Une autre initiative citoyenne s’est tournée vers la cuisine. A Noël 2016, des restaurateurs strasbourgeois ont ouvert leur cuisine à des chefs cuisiniers réfugiés lors du « Refugee food festival » qui a changé le regard sur les réfugiés et permis aux clients de découvrir de nouvelles cuisines et saveurs. L’initiative permet aussi un accès à l’emploi.

Questions

Que pouvons-nous faire à notre échelle ?

Cela dépend des compétences. Il faut commencer par en parler pour créer un climat d’accueil ce qui est essentiel pour l’arrivée. Les réfugiés ont d’énormes besoins de cours de français. Les associations ont besoin des bénévoles, dans les centres d’accueil et d’orientation par exemple. Parfois, il suffit de véhiculer les demandeurs d’asile, de leur faire découvrir la région, des actes simples,

On peut aussi bien sur faire des dons aux associations qui œuvrent en France et au HCR pour ses programmes d’aide aux refugies dans le monde.

Les réfugiés ont-ils le droit de travailler en France ?

Une fois le statut de réfugié obtenu, les personnes ont les mêmes droits que les autres citoyens sauf les droits politiques. Le droit du travail français s’applique à tous.

Comment les petits pays d’accueil gèrent-ils ces flux ?

La situation est critique au Liban, en Jordanie qui n’ont pas les moyens de répondre et de protéger tous les réfugiés qui arrivent. Ils n’y ont pas d’accès à l’école, au travail et c’est pourquoi ils ont besoin de la solidarité de pays plus riches. Selon une étude récente qui avait été menée, 80% des réfugiés en Jordanie vivent avec moins de 2 USD/jour.

Quelle nationalité auront les enfants isolés devenus adultes et quel sera leur avenir ?

25% des arrivées en Italie et en France sont des enfants seuls. Ils ont la nationalité de leur pays et peuvent à 18 ans, demander la nationalité française. En France, ils sont pris en charge par les services de l’aide à l’enfance et des centres spécialisés pou mineurs isolés étrangers mais les besoins sont plus importants que les moyens et tous les enfants n’y ont pas accès. Plus de moyens sont nécessaires pour garantir un bon accompagnement de ces enfants.

Quels sont les moyens du HCR pour contraindre les Etats à respecter leurs engagements ?

Les Etats de l’UE ont des obligations internationales dont celle d’accueillir les réfugiés, de les protéger et d’examiner les demandes d’asile. Ces obligations sont retranscrites dans la loi française. Une nouvelle loi d’asile a été adoptée en France en 2016. Un des principaux points de la réforme était la réduction des délais de réponse aux demandes pour répondre aux obligations internationales. Le HCR fait des recommandations en comptant sur la solidarité entre les Etats. Le respect des principes internationaux garantit aussi la sécurité de l’Etat d’accueil.

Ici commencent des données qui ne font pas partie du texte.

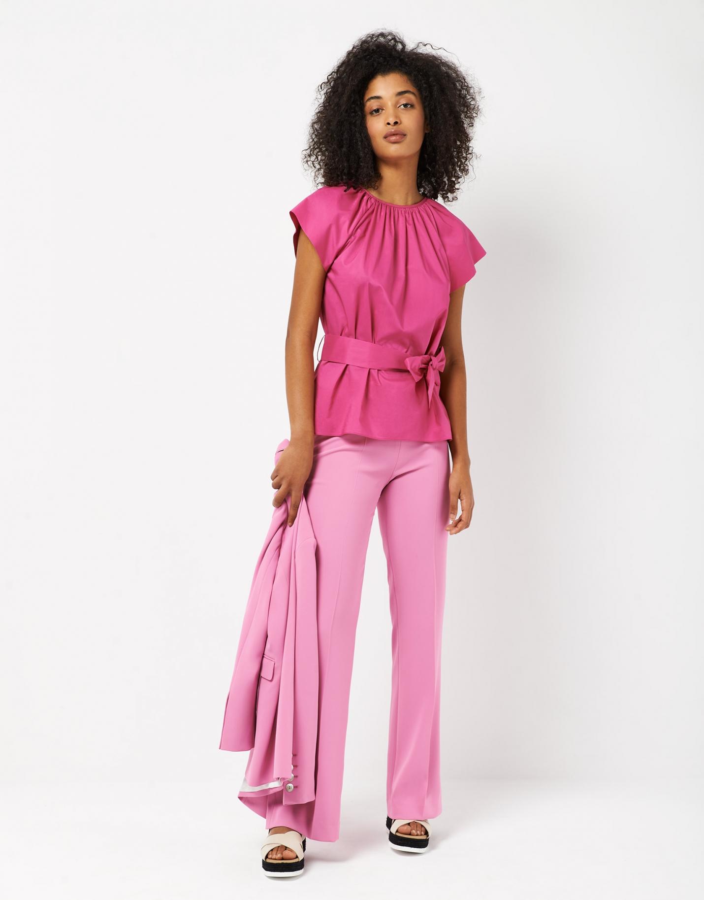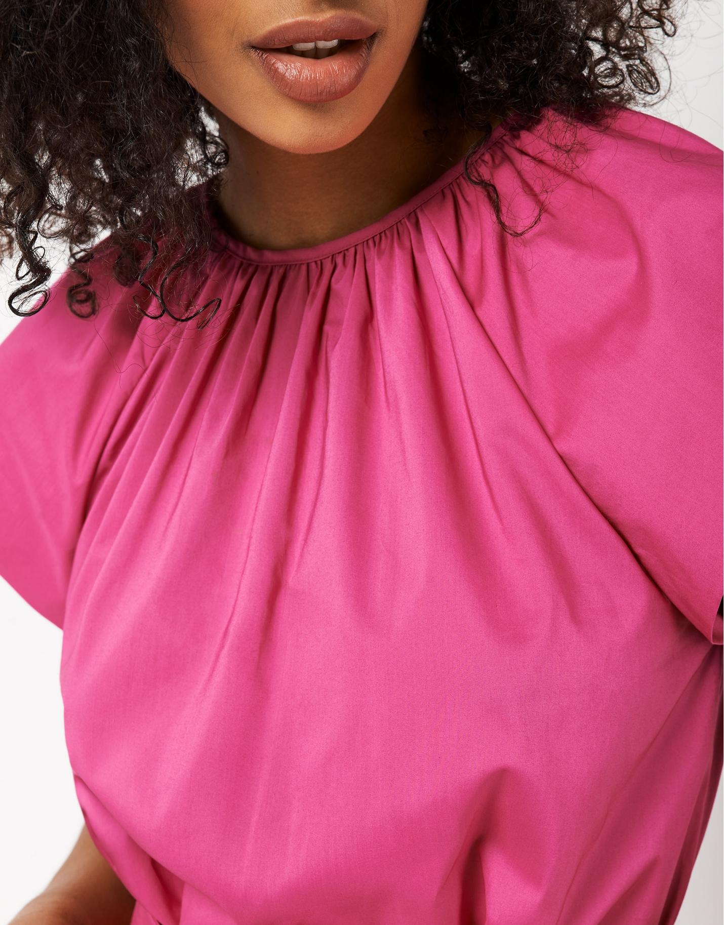 Blusa confeccionada en un tejido color rosa con escote redondo fruncido. Manga corta ranglán y cinturón del mismo tejido.

Quelle est la position du HCR sur la pratique du règlement de Dublin ?

Le règlement européen de Dublin impose que le demandeur dépose sa demande d’asile dans le premier pays où il arrive en Europe. Ce règlement existe et doit s’appliquer mais le HCR demande que ce soit de façon souple et que la solidarité  se manifeste à travers des relocalisations car la Grèce et l’Italie ne peuvent accueillir tout le monde. Des réformes sont en cours sur le système actuel. Le HCR a fait des propositions pour un régime d’asile commun bien géré avec un  système commun d’enregistrement, une accélération de l’examen des dossiers et un mécanisme de répartition.

Pourquoi une telle confusion entre migrants et réfugiés et que faire des déboutés du droit d’asile ?

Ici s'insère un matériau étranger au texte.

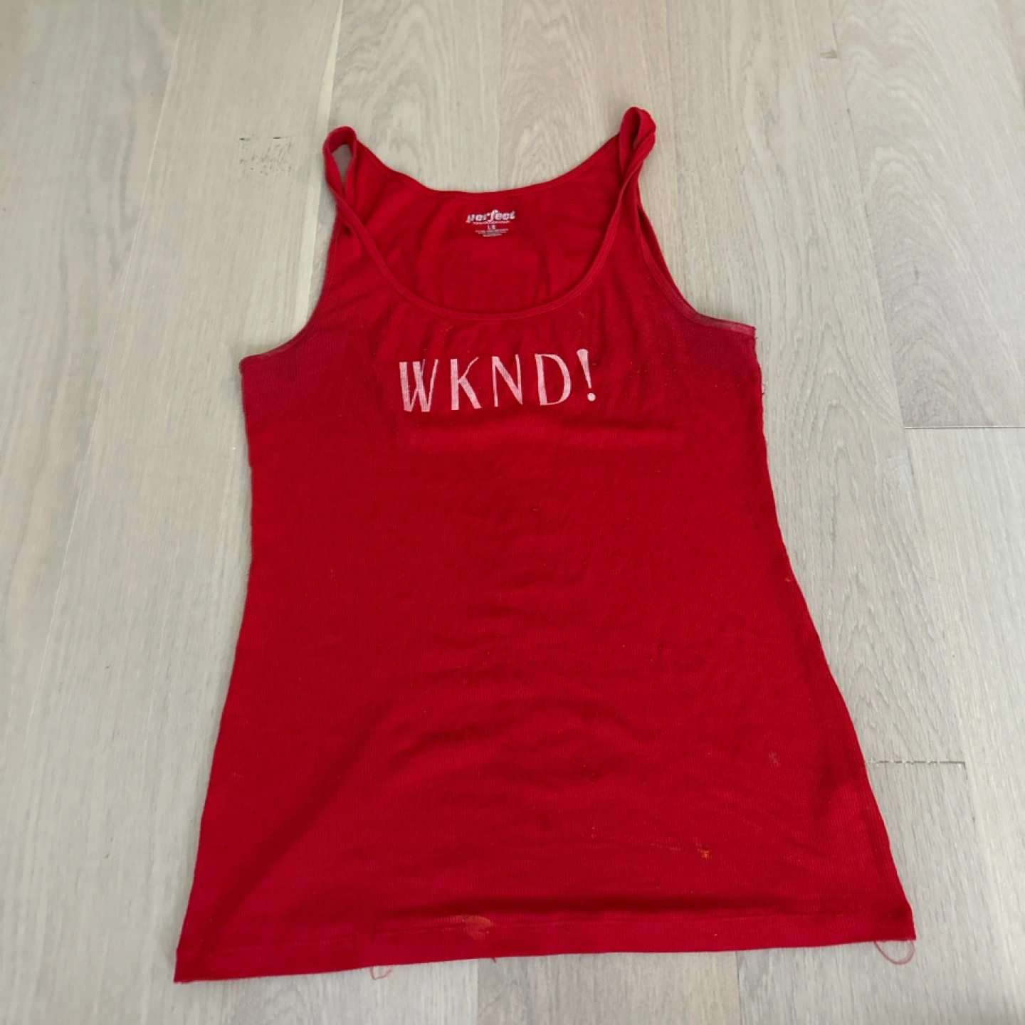 Bright red tank top. Features a printed graphic on the front. Great for casual wear when you want to feel relaxed.

La grande différence est juridique. Être réfugié est répondre à un terme juridique, qui caractérise quelqu’un qui fuit une persécution ou un conflit. Un migrant est une personne qui quitte son pays pour d’autres raisons qui peuvent être d’ordre économique. C’est un abus de langage de parler de migrants quand on parle de réfugiés. Cela ne veut pas dire que les migrants n’ont pas de droits. Les migrants aussi ont des droits, mais ce ne sont pas les mêmes. Dans la déclaration de New-York, on a nous travaillons sur un plan global pour les réfugiés. Il y aura aussi un plan de réponse pour les migrants.

Pourquoi la réinstallation des réfugiés vulnérables ne se fait pas aussi aisément qu’elle le devrait ?

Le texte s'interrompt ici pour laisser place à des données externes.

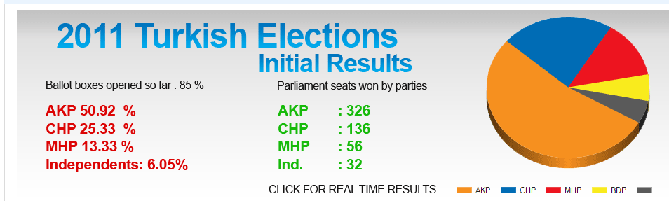 Μεγάλη νίκη αναμένεται να σημειώσει το κυβερνών Κόμμα Δικαιοσύνης και Ανάπτυξης (ΑΚΡ) του πρωθυπουργού Ρετσέπ Ταίπ Ερντοάν στις σημερινές γενικές εκλογές στην Τουρκία. Μέχρι στιγμής λαμβάνει το 50,92% των ψήφων και 326 έδρες στο τουρκικό κοινοβούλιο ενώ το αντίπαλο Ρεπουμπλικανικό Λαϊκό Κόμμα των κεμαλιστών το 25,33% και 136 έδρες. Το Κόμμα Εθνικής Δράσης βρίσκεται στο 13,33% των ψήφων, υπερβαίνοντας το 10% που είναι το όριο για την είσοδο στην τουρκική βουλή. Στις εκλογές του 2007 το κόμμα του κ. Ερντογάν είχε κερδίσει τις εκλογές με ποσοστό 46,5 %. Οι Ρεπουμπλικανοί φαίνετια να εξασφαλίζουν την πλειοψηφία στις επαρχίες της Σμύρνης, του Τουντσελί, του Αιδινίου, την Ανδριανούπολη.

C’est une voie légale que les Etats devraient développer d’avantage La France a accepté d’en prendre 10 000 en 2017  à travers des programmes de réinstallation. D’autres voies légales comme les bourses d’études, des visas humanitaires, des partenariats privés devraient aussi être explorées. Les besoins sont plus importants que les places disponibles. Nous avions proposé un plan pour la réinstallation de 10% des réfugiés syriens. Seulement 1% l’ont été.

Que pensez des programmes d’aide au retour quand la situation le permet?

Le HCR a des programmes pour aider les réfugiés à rentrer dans leur pays lorsque la paix est revenue et lorsqu’ils le souhaitent. C’est une des solutions. Cependant en 2015, 200 000 seulement ont pu rentrer chez eux contre 1 million il y a 10 ans. Les nouveaux conflits durent et de nouvelles crises éclatent. C’est pourquoi le HCR recommande aux Etats des solutions politiques et pas seulement humanitaires. Le vœu le plus cher de beaucoup de réfugiés est de rentrer chez lui; mais cela devient de plus en plus difficile

Quelle projection le HCR fait-il pour les années à venir ?

Il est difficile de faire des projections. Nous en faisons pour définir nos programmes d’assistance. Malheureusement, nous ne voyons pas d’amélioration. Des situations de conflits et de déplacement perdurent depuis des années dans certains pays comme en RDC ou Afghanistan. De nouvelles crises éclatent dans pays ou la paix avait été rétablie comme au Burundi. Certains réfugiés burundais que j’ai rencontrés m’ont dit qu’ils fuyaient pour la 4ème fois! Les perspectives ne sont pas bonnes mais on ne perd pas espoir et on conseille aux Etats d’investir dans la prévention et le règlement de conflits.

Et quid des réfugiés climatiques ?

Le sujet des déplacés climatiques nous préoccupe car les chiffres sont de plus en plus importants et vont s’accroître (catastrophes naturelles). On cherche des solutions concrètes car il s’agit de centaines de millions de personnes mais le statut de réfugiés climatiques n’existe pas, les réponses actuelles sont pragmatiques. La protection des personnes déplacées est notre cœur de métier et nous participons aux COP et à ces groupes de travail.